START Information supplied

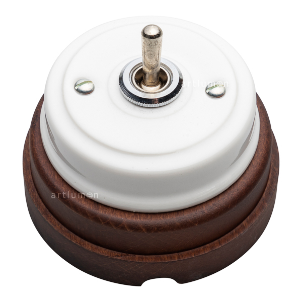 Aus-Wechselschalter mit Hebel, gemeinhin als „Kippschalter“ bezeichnet. Der Schalter ist elegant in das Porzellan integriert, vollendet mit einer Metallringblende. Montiert auf einer Basis aus Buchenholz gebeizt Farbe dunkelbraun. Lassen sich perfekt mit unseren Steckdosen aus Porzellan aus der gleichen Serie kombinieren.
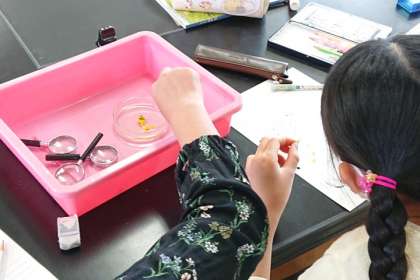 ピンセットでアブラナを分解して虫めがねを使って観察しています。
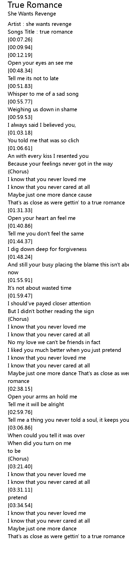 | [03:48.69] | That's as close as were gettin' to a true romance |
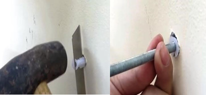2, Khoan lỗ trên tường ( sử dụng mũi khoan 6mm ) và đóng nở

END Information supplied

About this exercise: Return the material exactly as given, apart from the pictures.

Exercise solution:
 Aus-Wechselschalter mit Hebel, gemeinhin als „Kippschalter“ bezeichnet. Der Schalter ist elegant in das Porzellan integriert, vollendet mit einer Metallringblende. Montiert auf einer Basis aus Buchenholz gebeizt Farbe dunkelbraun. Lassen sich perfekt mit unseren Steckdosen aus Porzellan aus der gleichen Serie kombinieren.
 ピンセットでアブラナを分解して虫めがねを使って観察しています。
 | [03:48.69] | That's as close as were gettin' to a true romance |
2, Khoan lỗ trên tường ( sử dụng mũi khoan 6mm ) và đóng nở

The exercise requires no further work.